Search code examples
boostwebsocketconcurrencyasiobeast

Why is boost::asio::io_context::run() still blocking after boost::beast::websocket::stream::close()?


I have a pool of threads using concurrently the same io_context to run a websocket stream. I am doing this because first, I have actually 2 websocket streams (I abstracted this because by testing it appears not to be the problem), and because I want to run other io operations aside the websocket ones, which are namely async_read and async_write.

Each websocket stream is using its own strand and additional locking is used to ensure that a async_read (resp. async_write) is not performed before another one reached the handler.

So basically:

io_context context;
std::vector<std::thread> pool(std::thread::hardware_concurrency());
...
wss(make_strand(context),ssl);
...
wss.async_read(&loop_read_handler);
...
for(auto& th:pool)
    th=std::thread([&]{
        try{
            start_read_loop();//give work to do to each thread
            context.run();
        }catch(...){}
        wss.close(...);//closing the websocket stream, expected to cancel all threads
        context.stop();//with or without it, no change
    });
for(auto& th:pool)
    th.join();//hangs here since the other threads did not return from run()

When I want the program to stop, I close(boost::beast::websocket::close_code::normal,ec) the stream, which effectively cancels the io operations in the current thread (empty message with error code boost::beast::websocket::error::closed received), but not in the other threads : Instead of being cancelled, they hang.
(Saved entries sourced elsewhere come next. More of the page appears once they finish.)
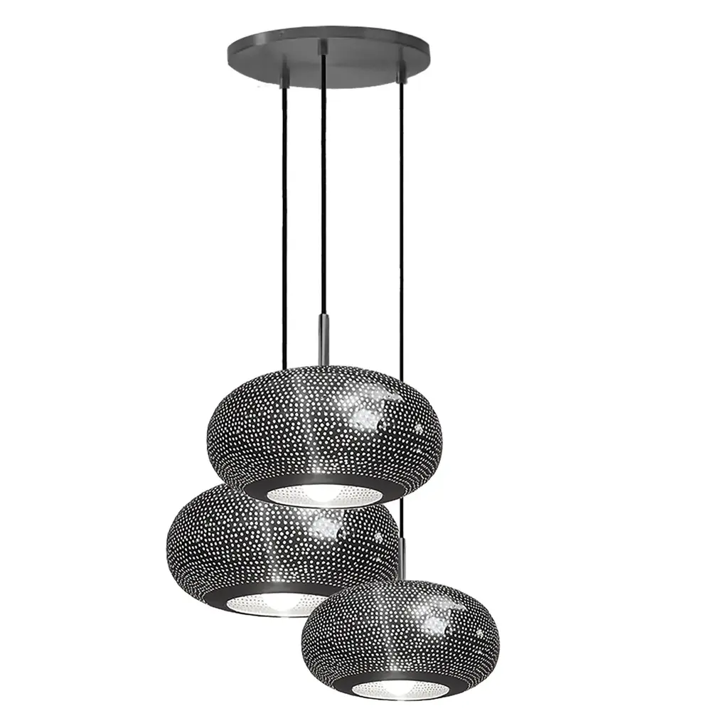 Introducing the ultimate in luxury lighting with the Lila large unique chandelier. Make a statement with this oversized chandelier that is perfect for modern commercial or high-ceilinged spaces. This extra large pendant lighting fixture features classic Moroccan ornamental design with a modern twist. The three oval shades of the extra large pendant lighting are handcrafted by master artisans in Marrakech using locally sourced metal. The hand-pierced metal sides of this unique light fixture create a focused stream of light at the base while diffusing light throughout the room. , This extra large pendant light is UL listed, making it safe and reliable for any commercial or residential space. Ideal for hallways, dining rooms, or entryways, the large modern large chandeliers are a perfect match for any modern or unique decor. The three shades hang from the ceiling in a stunning cascading pattern, adding an extra layer of luxury. The chandelier is available in multiple metal finishes and comes with an adjustable cord to fit any ceiling height. At 54kibo, we take pride in offering only the finest luxury lighting products, and these large unique chandeliers are no exception. Don't settle for ordinary lights - make a statement with our big pendant lights.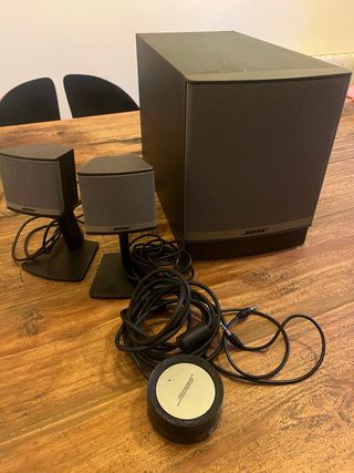 Sistema de altavoces Bose Companion 3 Series II. ideal para ordenador, escritorio u oficina. Incluye: • Subwoofer BOSE • 2 altavoces satélite con soportes • Control Pod original BOSE • Todos los cables originales 🔊 Sonido potente y de alta calidad, especialmente buenos graves (típico BOSE). 🔌 Conexión por cable (jack), compatible con ordenador, portátil, etc. 📌 Estado: Funciona correctamente. Estéticamente usado, con marcas normales de uso (ver fotos), pero 100 % operativo. 📦 Se vende el set completo, tal como se ve en las imágenes.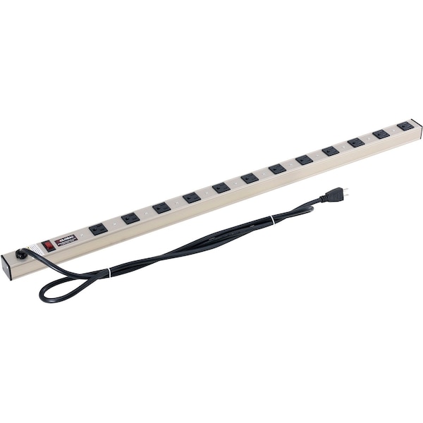 Eliminate the hassle of crisscrossed cables all over the floor. The Global Industrial™ 35in Aluminum Power Strip With Surge Protection keeps your cords organized within one reliable surge-protected outlet center for maximum convenience. Encased in strong aluminum housing, this slim and sturdy power strip accepts up to 12 plugs making it perfect for workshops, offices and desktop settings. The rocker switch is easy to spot, illuminating red when the power is up and running for all plugged in devices. Snap and slide mounting clips are included to accommodate wall surface installation, along with a 6 ft. cord for optimal reach. Easy to use and quick to install, this power strip will get you back to the task at hand with all your powered devices ready to go. ETL/cETL Listed. 1 Year Limited Warranty.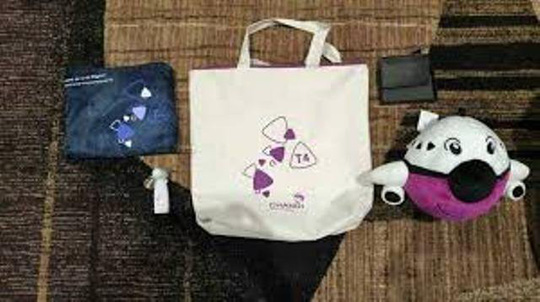 Hành khách trên chuyến bay CX659 được tặng hoa và quà khi rời khỏi máy bay. Ảnh: CNA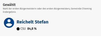 Für die Kreistagswahlen waren es 4.043 Stimmberechtigte, davon haben sich 2.627 Wählerinnen und Wähler beteiligt. Die Wahlbeteiligung lag hier in Chieming bei 65,8 %; dies ist etwas höher als die Wahlbeteiligung im Landkreis (61,2 %)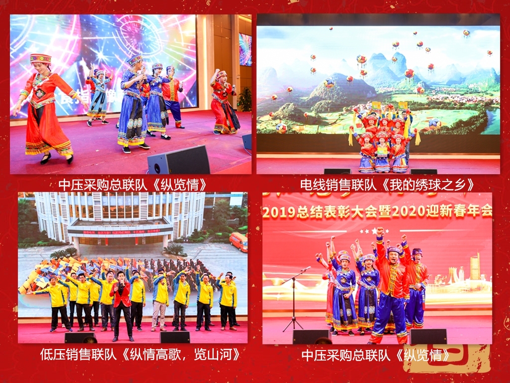 2020年1月13日,縱覽線(xiàn)纜集團(tuán)2019年總結(jié)表彰大會(huì)暨2020年迎新春年會(huì)在華南城維也納金色大廳隆重舉行。集團(tuán)董事長(zhǎng)陳秀銳先生、總裁唐崇健先生、監(jiān)事會(huì)主席林曉敏女士、副董事長(zhǎng)徐洪虎先生、常務(wù)副總裁彭斌先生、總工程師劉小祥先生、董事長(zhǎng)助理兼財(cái)務(wù)總監(jiān)陳楊先生、董事長(zhǎng)助理兼銷(xiāo)售副總監(jiān)韋艷秋女士、總裁助理兼人力行政總監(jiān)張彩菊女士及工廠總監(jiān)楊興恒先生出席了本次年會(huì),集團(tuán)領(lǐng)導(dǎo)與縱覽的各位嘉賓們、縱覽伙伴們歡聚一堂,共襄盛會(huì)! 走過(guò)往昔,奮斗的汗水剛剛拭去,回首征途,勝利的笑容不斷蔓延。時(shí)間,如白駒過(guò)隙,2019,縱覽人還來(lái)不及擦凈拼博的汗水,便迎來(lái)了鮮活嶄新的2020。新的一年,新的起點(diǎn)。縱覽人將不忘初心,聯(lián)合廣大負(fù)責(zé)任的經(jīng)銷(xiāo)商、裝飾公司、水電工師傅們,讓專(zhuān)供南方電網(wǎng)的縱覽產(chǎn)品走遍八桂大地,走進(jìn)億萬(wàn)家庭。 14:30分,2019年總結(jié)表彰大會(huì)準(zhǔn)時(shí)開(kāi)始,首先對(duì)過(guò)去一年先進(jìn)的個(gè)人和團(tuán)隊(duì)進(jìn)行表彰。每一位優(yōu)秀的縱覽人,他們不怕苦、不怕累,就怕任務(wù)完不成;他們勤勤懇懇、默默付出,有著強(qiáng)烈的奉獻(xiàn)精神;他們時(shí)刻以公司利益為先,舍小家為大家,全身心地投入工作。 表彰大會(huì)過(guò)后,一支熱情洋溢的開(kāi)場(chǎng)舞正式拉開(kāi)了方隊(duì)競(jìng)演的序幕。各個(gè)方隊(duì)精彩的亮相,一呼百應(yīng)、鏗鏘有力的氣勢(shì)看得讓人熱血沸騰,展現(xiàn)了縱覽團(tuán)隊(duì)的氣勢(shì)、創(chuàng)意和不掉隊(duì)、不服輸?shù)膱F(tuán)隊(duì)精神。 開(kāi)場(chǎng)舞《我相信》 各方隊(duì)進(jìn)行口號(hào)展示

Diving into the code, I eliminated the hypothesis of a deadlock of my own and found that the context.run() just didn't notice the websocket stream was closed and continues waiting for an incoming message.

Of course the problem disappears when the pool is limited to a single thread.

calling close(...) from outside or inside a io operation does not change the problem. calling context.stop() has no effect either on the problem, be it called outside or inside.

What can be the problem and how am I supposed to make the context stop running on a graceful websocket close ?

================================= EDIT WITH SOLUTION

I managed to change my code thanks to sehe answer above. Instead of starting the read loop in each thread, i'm doing it once after the pool initialization, but adding auto work=make_work_guard(context); and work.reset():

io_context context;
auto work=make_work_guard(context);//<<<<<<<<<<<<<<
std::vector<std::thread> pool(std::thread::hardware_concurrency());
...
wss(make_strand(context),ssl);//I keep it because I will add other streams
...
for(auto& th:pool)
    th=std::thread([&]{
        try{ context.run(); }catch(...){} //<<<<<<<<<<<<<<<<<<<
        close_wss_streams_once_each(...);//cancels all threads
    });
start_async_read_loop();//<<<<<<<<<<<<<<
work.reset();//<<<<<<<<<<<<<<<<<
for(auto& th:pool)
    th.join();

Apparently I shouldn't post an IO operation in each thread, which I had decided to do to give all threads work to do. Instead, using the work guqrd prevents the threads from returning prematurely.


Solution

  • the same io_context to run a websocket stream

    A stream is not a process (or even an operation). You cannot "run a [websocket] stream". You basically only ever run an event loop that executes enqueued handlers, aside from the synchronous code.

    the other threads : Instead of being cancelled, they hang

    The code shown begs the opposite question: why don't all the thread all immediately return (because no work exists before starting the threads)? It is clear your actual code is sufficiently different for this to not happen.

    Perhaps you even have an explicit work_guard around. If so, that of course explains why things are not shutting down.

    Of course the problem disappears when the pool is limited to a single thread.

    I'm not sure that helps make sense to me. Logically the chances of a deadlock increase with fewer threads. Regardless, that wasn't your problem.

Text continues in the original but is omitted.